> **Your goal**: Produce a word-for-word copy of the data that follows, excluding images.

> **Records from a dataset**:
'''

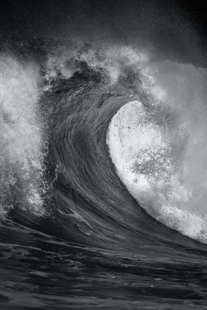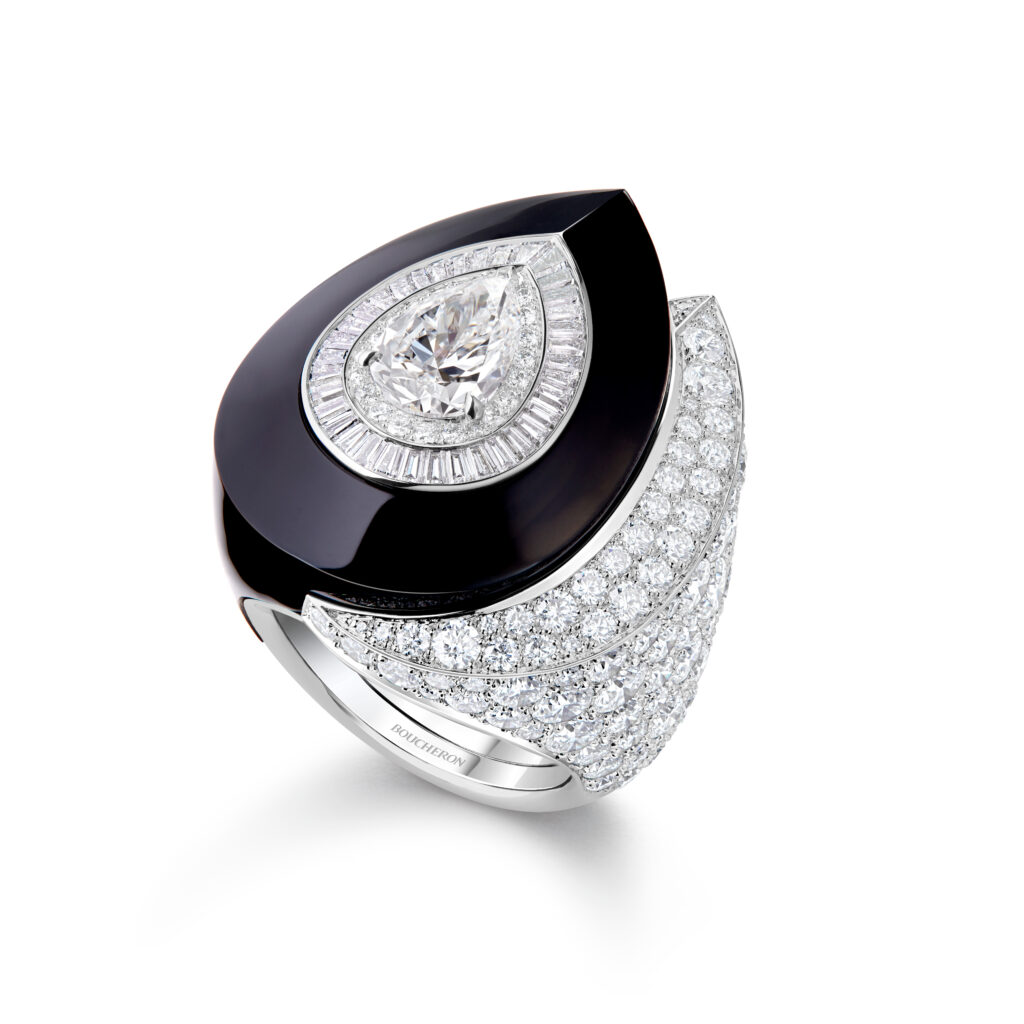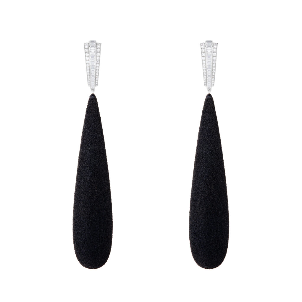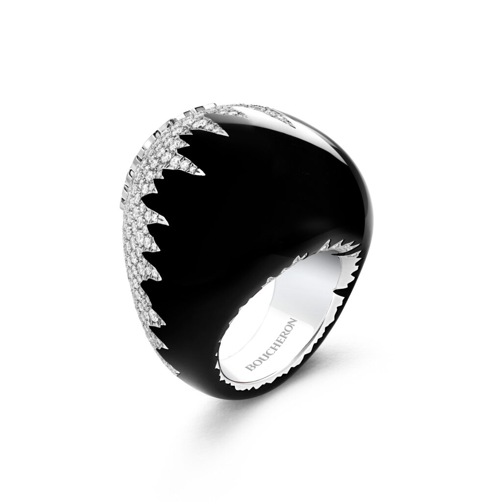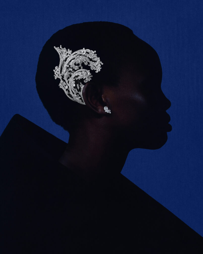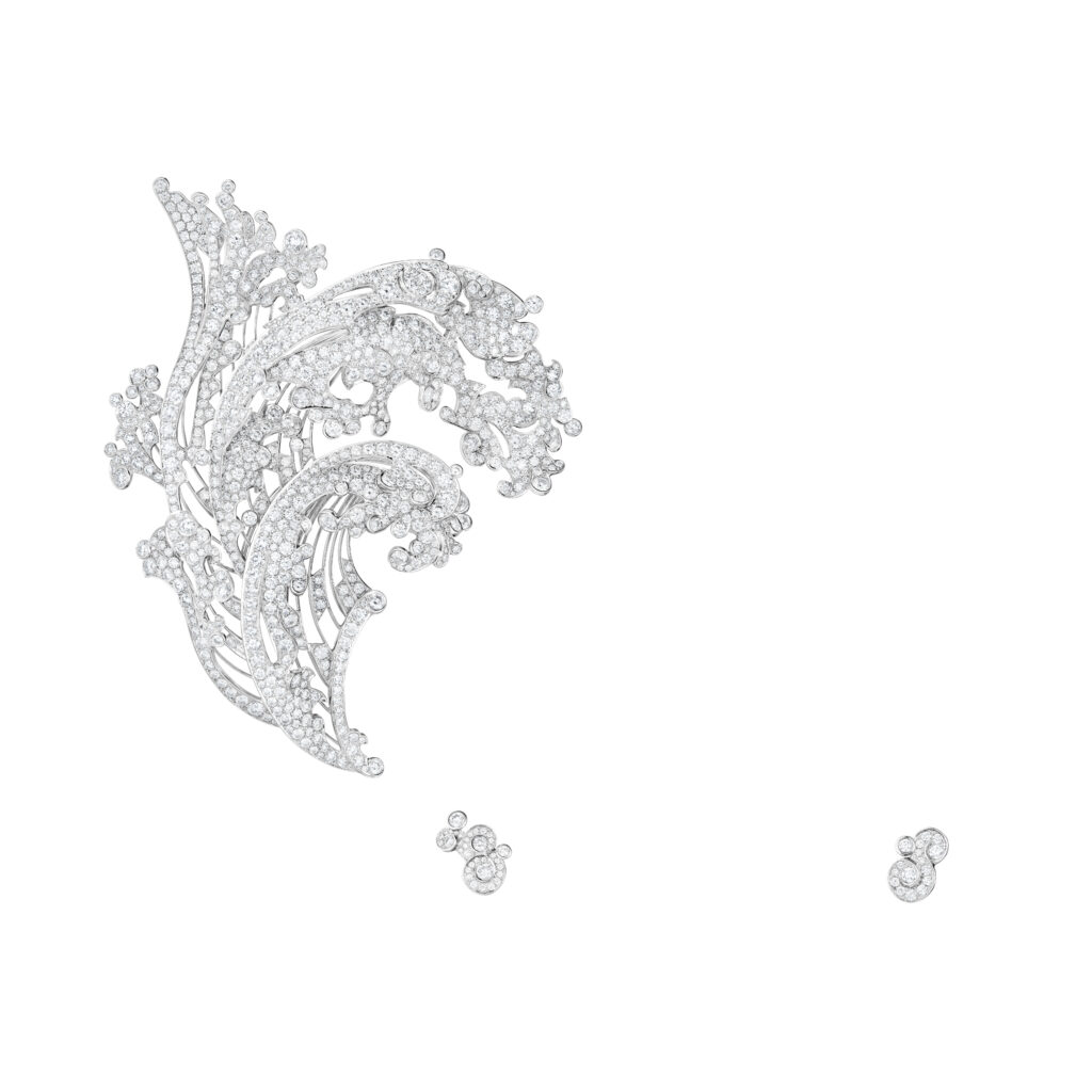 Le bracelet « Eau Forte » tire son inspiration de l’instant où la vague s’échoue. Utilisant la technique de gravure à l’eau-forte, les artisans ont sculpté l’or blanc pour créer un volume de vague, puis appliqué des couches de laque blanche et noire pour un contraste saisissant. Cette pièce en or blanc, pavée de diamants, a requis 900 heures de travail.
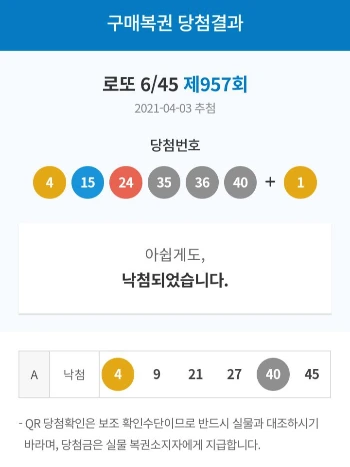 꿈에서 돼지 네 마리를 봐서 복권을 샀다. 신중하게 떠오르는 숫자 6개를 선택했는데 4가 포함된 숫자 두 개만 맞았다.
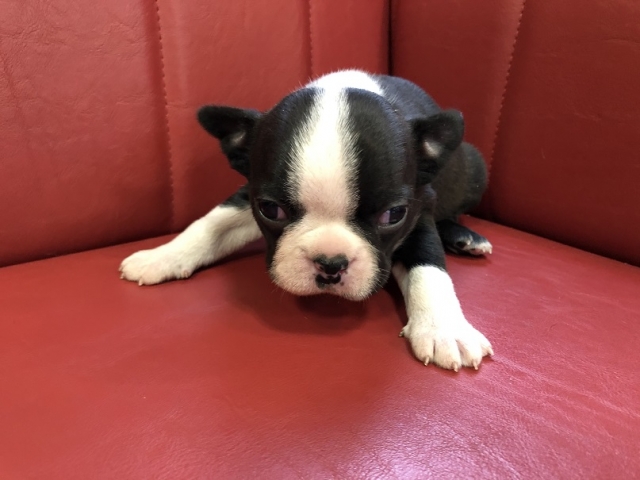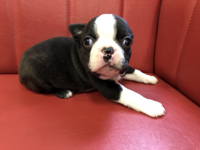 | コメント | 愛嬌たっぷりのボストン・テリア 楽しい家族になりますよ! お引渡しできるのは3月中旬以降ですが、ご予約は承ります。 生後60日までは無料でお預かりさせて頂きますが、それ以上お預かりの場合は 1日 1000円 追加料金を頂いております。 ワクチン1回分(5500円)は別途お願い致します。 |
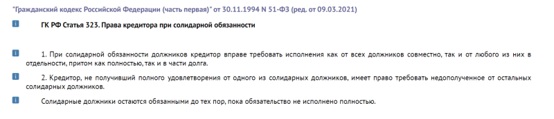 Права и обязанности поручителя регламентируются Гражданским Кодексом РФ статьей 553. Ответственность может быть солидарной, когда банк требует выплату как от заемщика, так и поручителя, так и субсидиарной, что наступает в случае, если у заемщика нет денег на погашение долга.
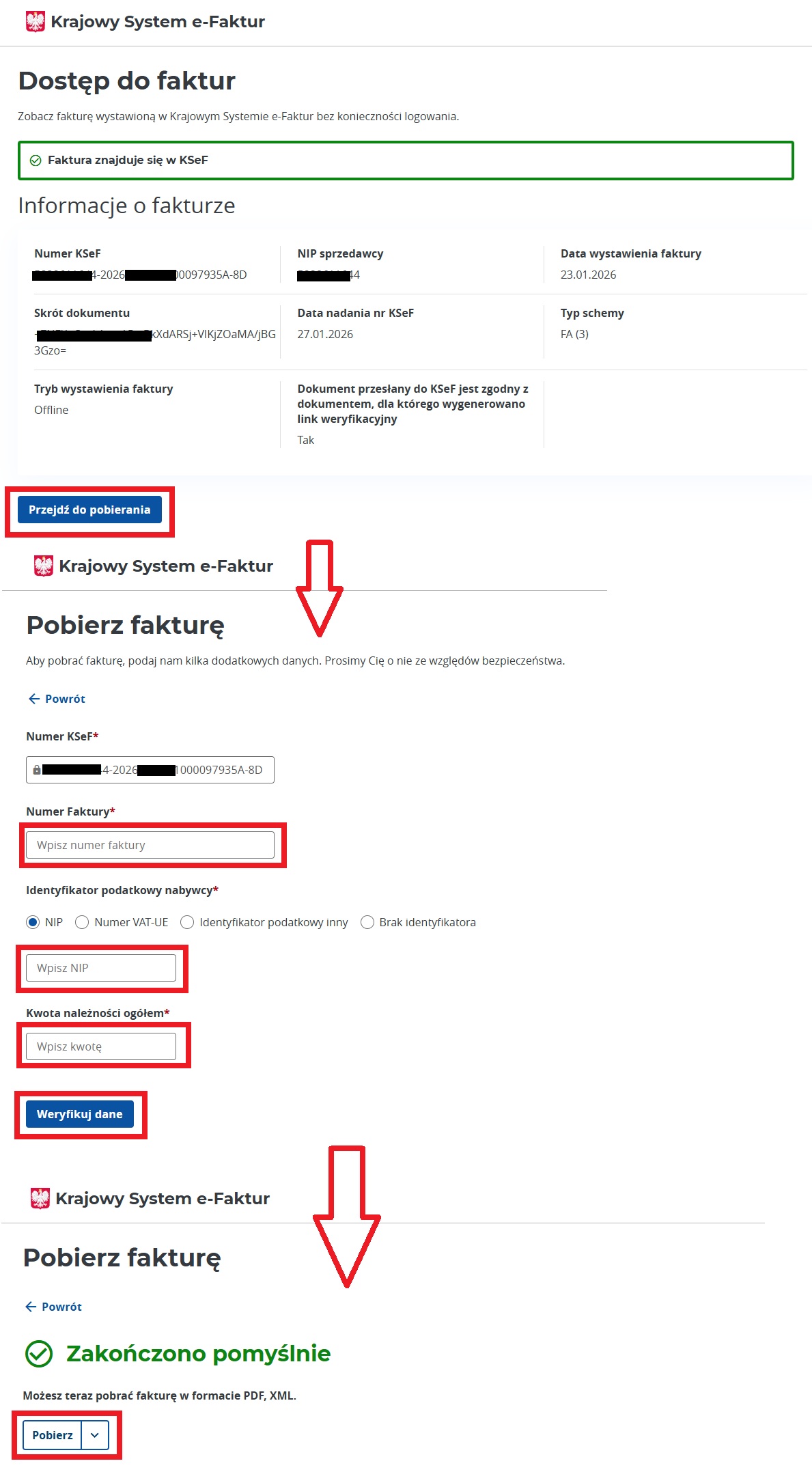Należy zauważyć, iż nabywca nie ma obowiązku pobierania faktury za pomocą powyższej opcji, w sytuacji kiedy otrzymał od sprzedawcy dokument w formie pdf.

'''

> **Exercise answer**:
 Le bracelet « Eau Forte » tire son inspiration de l’instant où la vague s’échoue. Utilisant la technique de gravure à l’eau-forte, les artisans ont sculpté l’or blanc pour créer un volume de vague, puis appliqué des couches de laque blanche et noire pour un contraste saisissant. Cette pièce en or blanc, pavée de diamants, a requis 900 heures de travail.
 꿈에서 돼지 네 마리를 봐서 복권을 샀다. 신중하게 떠오르는 숫자 6개를 선택했는데 4가 포함된 숫자 두 개만 맞았다.
 | コメント | 愛嬌たっぷりのボストン・テリア 楽しい家族になりますよ! お引渡しできるのは3月中旬以降ですが、ご予約は承ります。 生後60日までは無料でお預かりさせて頂きますが、それ以上お預かりの場合は 1日 1000円 追加料金を頂いております。 ワクチン1回分(5500円)は別途お願い致します。 |
 Права и обязанности поручителя регламентируются Гражданским Кодексом РФ статьей 553. Ответственность может быть солидарной, когда банк требует выплату как от заемщика, так и поручителя, так и субсидиарной, что наступает в случае, если у заемщика нет денег на погашение долга.
Należy zauważyć, iż nabywca nie ma obowiązku pobierania faktury za pomocą powyższej opcji, w sytuacji kiedy otrzymał od sprzedawcy dokument w formie pdf.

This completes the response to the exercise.